We got our inspiration from the Walk Score, which incorporates different aspects of neighborhoods, such as number of parks and types of transit available. We wanted to explore parameters that people don't normally think about, but that may have an impact on neighborhood differentiation. We explored many datasets (for the list of data we used, please refer to our presentation slides), and set out to create metrics that will help users understand a neighborhood. We thus incorporated different elements of a neighborhood and developed different scores. We created four scores: Quality Score, Personal Score, Investment Score, and Similarity Score:
- Quality Score: We first selected a large set of data points that correlate with the quality of a neighborhood. We used the median house price as a proxy for quality. From there, we used AIC/BIC to do feature selection, and used multiple regression to calculate the weight of each selected feature. A score is then calculated using regression-weighted coefficients.
- Personal Score: We wanted to take personal preference into consideration when comparing neighborhoods. We conducted a survey amongst friends and colleagues to select a list of parameters that matter the most to people when they are looking for houses.
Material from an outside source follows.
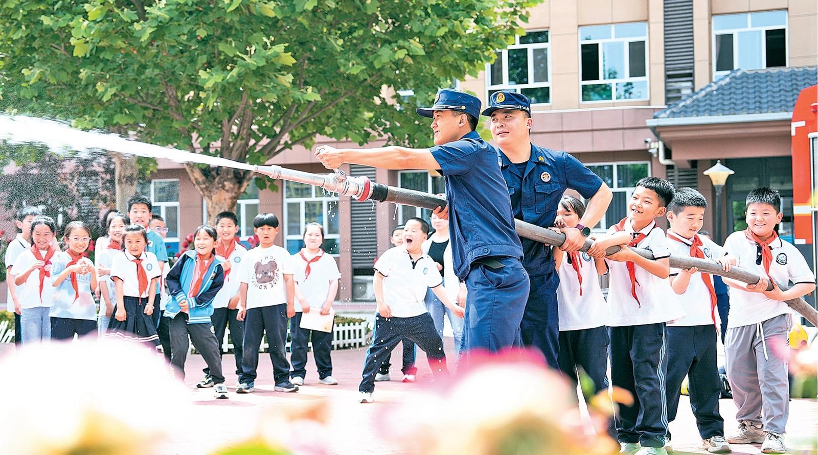 5月12日,在河北省石家庄市北郡小学,石家庄市新华区消防救援大队消防员为学生们展示高压灭火水枪。 5月12日是第17个全国防灾减灾日,各地展开学习应对灾难知识活动。

The score is dynamically calculated based on the user's input, and it's ultimately a measure of how likely it is that the user would find the neighborhood likeable.
- Investment Score: We want to provide a metric that offers an indication of the price trend for a neighborhood. We calculated this metric by fitting a price trend line to the per-month average median house price data of the past 20 years that we obtained from Zillow. A score is then derived from the coefficient of the trend line.
- Similarity Score: We got the inspiration of the similarity score from recommender systems such as Amazon and Netflix. Assuming the user likes where they are currently living, or has a specific zip code that they know they like, the similarity score provides users with a metric that measures how similar a zip code is to the zip code they input. After evaluating several distance functions, such as Manhattan, Euclidian, Cosine, Hamming, and Jaccard, we selected the Euclidian Distance since our input data is all numeric. Click here for more information on the methodology.
For the product, users are asked to input their preference on real estate price range, house type, neighborhood characteristic parameters for personal score calculation, preferred zip code for similarity score calculation, along with optional inputs for school type and minimum school rating. The school-related inputs are mainly implemented for families with children, to help them narrow down on neighborhoods that fit their search criteria. To help the user understand the metrics and thus compare different neighborhoods more easily, scores are first calculated based on user input, and scaled before filters, such as pricing and school ratings, are applied. The scores are kept between 0 and 100. In terms of evaluating accuracy, we did some sample searches to see if the results are in line with what we would expect. For example, a search for a $800K-$1M 3 bedroom house similar to one in Danville, CA yielded results such as San Mateo, Pleasanton, and San Jose. All of these output zip codes are suburban areas very comparable to the Danville area. In the current stage of the product, the only way to evaluate accuracy is to analyze the output results, and decide if the output makes sense. In the future, we hope to have a deeper integration with real estate database products such as Zillow, and to be able to evaluate our model accuracy by analyzing user behavior in housing search after they use our product.
For our project, we used San Francisco Bay Area neighborhood as our test area and deliverable. In the future, we will scale to incorporate different neighborhoods in United States. In addition, we would like to add a map to plot our outputs, allow users to narrow down search area (such as within 50 miles of a certain zip code), enhance recommender system by allowing a range of ratings on multiple zip codes, and conduct experiments to validate the scores and revise calculations as necessary.